THE TASK: For the lines from the one with "Olja på pannå, stilleben. Monogramsignerad." to the end of the listing below, both ends included, give an exact copy and nothing more. Do not copy pictures.

DATA UNDER STUDY:
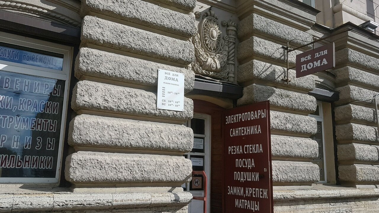 «Всё для дома» — строительный магазин в Санкт-Петербурге, предлагающий материалы, инструменты и товары для ремонта, строительства и отделки. Расположен по адресу: Малодетскосельский проспект, 29. Режим работы: пн-пт 10:00–19:00, сб 10:30–19:00. Контактный телефон: +7 (812) 746-87-94.
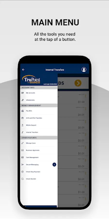 Access your TruPoint Bank Business accounts anywhere, anytime with the TruPoint BIZ app. Available to all TruPoint Bank Business online banking customers. Features include:
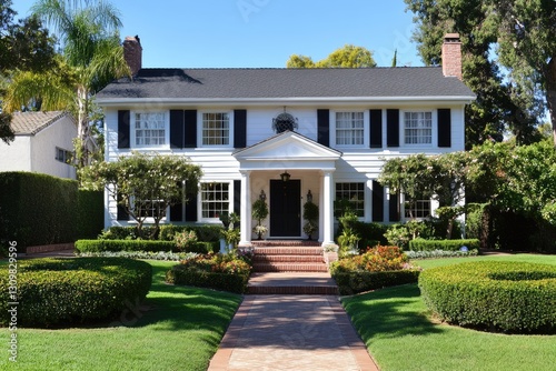 Elegant Colonial Home Set in a Tranquil Neighborhood with Lush Front Yard and Charming Pathway
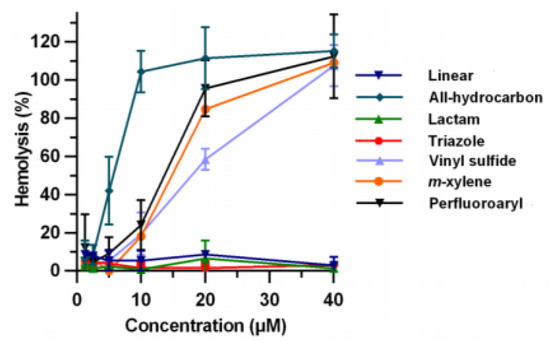 - Sakagami, K.; Masuda, T.; Kawano, K.; Futaki, S. Importance of Net Hydrophobicity in the Cellular Uptake of All-Hydrocarbon Stapled Peptides. Mol. Pharm. 2018, 15, 1332–1340. [Google Scholar] [CrossRef]
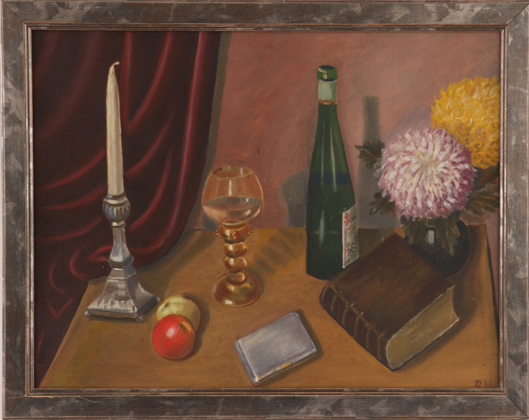 Olja på pannå, stilleben. Monogramsignerad.
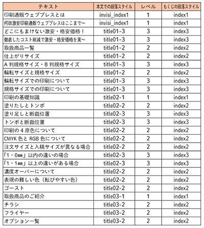 本文の段落スタイルごとに、目次になった時の段落スタイルを設定することができますが、レベルで段落スタイルを統一すると読みやすくなります。
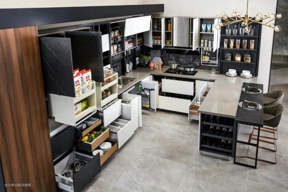地柜最好设计成抽屉式的布局,并利用分隔组件优化内部收纳,这样的分隔件模块化收纳方便,取放便捷。像今年的橱柜新品《神秘园》,就是三层抽屉拉篮结构,收纳功能十分强大,极大地提高空间利用率。

ANSWER TO THIS TASK:
 Olja på pannå, stilleben. Monogramsignerad.
 本文の段落スタイルごとに、目次になった時の段落スタイルを設定することができますが、レベルで段落スタイルを統一すると読みやすくなります。
地柜最好设计成抽屉式的布局,并利用分隔组件优化内部收纳,这样的分隔件模块化收纳方便,取放便捷。像今年的橱柜新品《神秘园》,就是三层抽屉拉篮结构,收纳功能十分强大,极大地提高空间利用率。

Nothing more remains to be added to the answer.